What does `alg: none` mean, and why does the algorithm chip flag it?

`alg: none` is the JWT-spec encoding of "this token is unsigned." The third segment is empty, the header declares no algorithm, and the token's claims are taken at face value with no signature to check. Historically, `alg: none` was the lever for an entire class of CVE-grade vulnerabilities — verification libraries that read the algorithm from the header (rather than from a strict server-side allowlist) would accept an unsigned token as valid, because the verifier dutifully ran the "no signature" check that the header asked for. The fix on the verification side is a strict allowlist: the server says "we only accept RS256 from this issuer" and refuses any header that says otherwise. The decoder surfaces `alg: none` with an explicit chip so a reader looking at the header is not surprised — and so a verification bug where `alg: none` snuck through can be diagnosed by reading the token rather than reproducing the bug.

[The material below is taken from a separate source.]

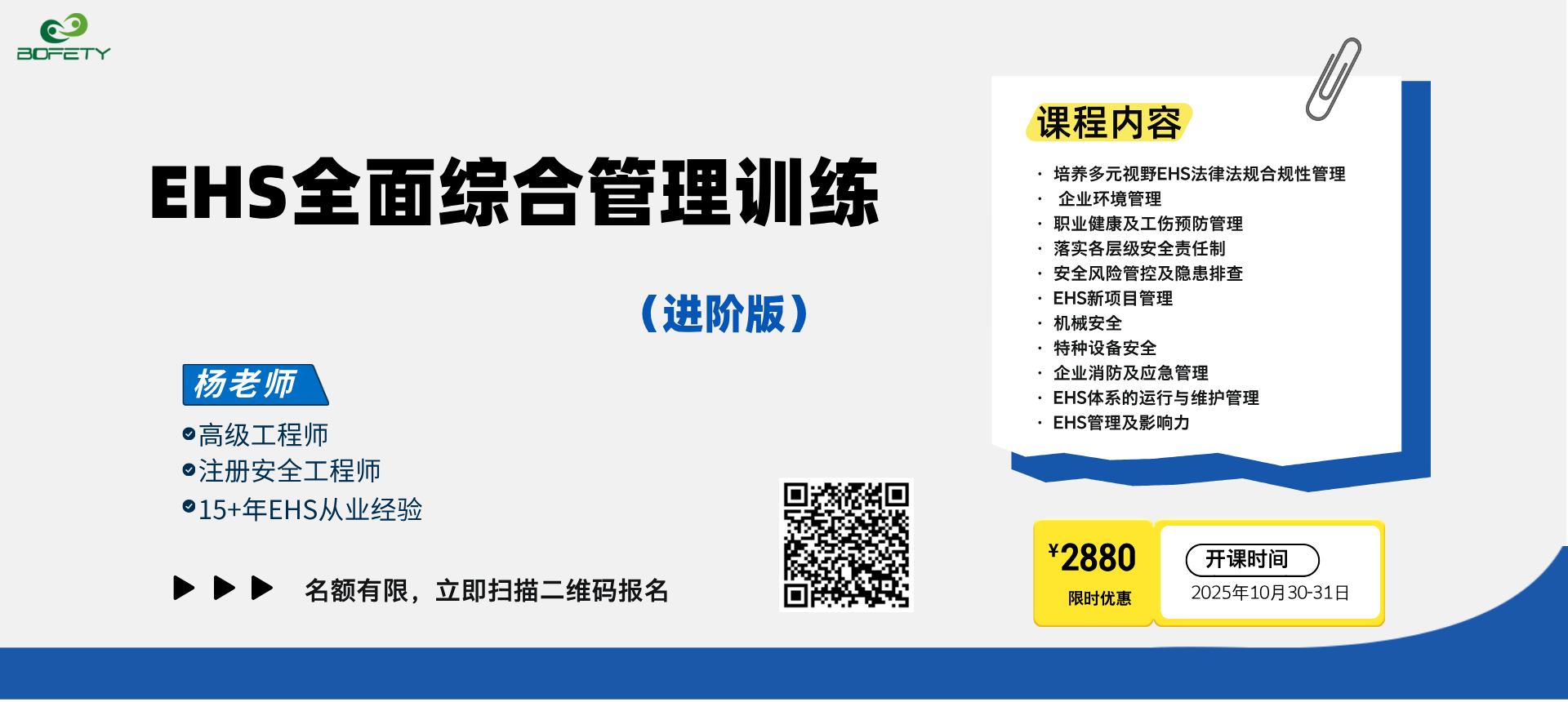 EHS全面综合管理训练(进阶版) | 2025年10月30-31日 | 苏州 | 申请报名 |

How does the local-clock expiry chip work, and how reliable is it?

The chip reads `exp` (or `nbf`) as seconds since the Unix epoch, converts to milliseconds, compares against `Date.now()`, and renders a readable description: `Expired 87 days ago`, `Expires in 12 hours`, `Not yet valid (starts in 4 minutes)`. The reliability is bounded by the browser clock — if the system time on this device is wrong by hours (a freshly-flashed VM, a phone with location services off, an out-of-warranty laptop), the chip will read expiry incorrectly. The page always shows the raw `exp` timestamp alongside the chip so the conclusion can be cross-checked against a known-good clock (a server log, a UTC-clock website, or a watch). Production verification libraries handle this with a configurable `clockTolerance` (typically 30–300 seconds) to absorb clock skew between the issuer and the verifier; the decoder does not apply tolerance because the chip is informational, not authoritative.

Can I decode a JWE (encrypted JWT) or a nested JWT here?

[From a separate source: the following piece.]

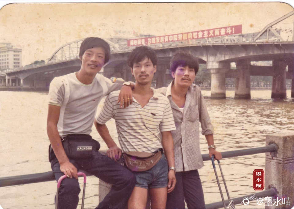 我小舅跟他的小伙伴们一起去广州进货时拍的照片(后面广州海珠大桥上的横幅“同心同德,为建设具有中国特色的社会主义而奋斗!”,真真是那个时代的真实写照!)

No. JWE (JSON Web Encryption) tokens look superficially similar to JWTs — five segments separated by dots, all Base64URL — but the payload is encrypted, not just signed, and decryption needs the recipient's private key. The decoder will surface the protected header (the first segment) but cannot decode the encrypted payload, and the page surfaces a JWE-detected chip with that explanation rather than rendering meaningless decoded bytes. Nested JWTs (a JWT-inside-a-JWE, or a JWT signed and then re-signed by an envelope) follow the same pattern: each layer is the inner system's responsibility. Use a server-side library (`jose` for Node, `PyJWT` with `cryptography` for Python) wired against the recipient's private key for either case; the browser-local decoder is the wrong tool for encrypted payloads by design.

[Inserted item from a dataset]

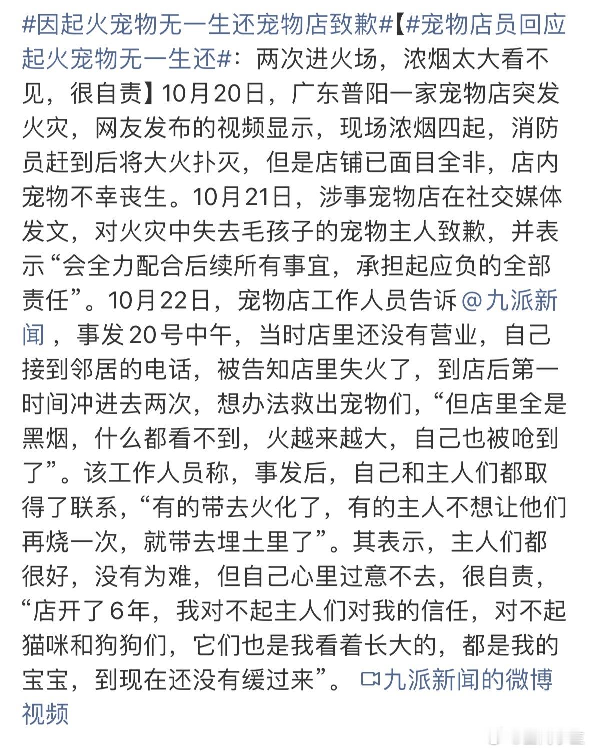 宠物店起火宠物无一生还都中午了店里面还没有营业,这完全就是不负责啊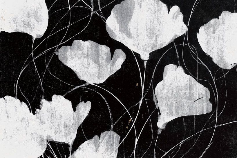 A collection of white, poppy-like silhouettes floating against a solid black void. Thin, energetic white lines loop through the composition like tangled stems or wind-blown silk.

Does this tool send my JWT to a server?

No. `atob`, `TextDecoder`, and `JSON.parse` are all native browser APIs and run inside this tab. The JWT, the decoded header and payload, and any download all stay on your device. There is no signup, no watermark, no analytics on the token itself. Safe for production tokens that carry email addresses (the `email` claim on OIDC ID tokens), account identifiers (`sub`), role claims (`scope`, `permissions`, `roles`), and signed scope tables — payloads that have no business going through an arbitrary online decoder.

Is there a length limit?

The transform call is capped at 1 MB to keep the parser snappy on lower-RAM devices. Most production JWTs land in the 200 byte to 4 KB range; a token over 100 KB is almost always a sign that the token is actually a JWE with a large encrypted payload, or that a non-token value got pasted by mistake. The cap is generous enough to handle every realistic JWT and small enough that a multi-megabyte paste does not freeze the tab.

Will this tool stay free?

The basic workflow is designed to stay free. Paid upgrades later will focus on bigger limits, batch work, OCR, saved presets, and ad-free use.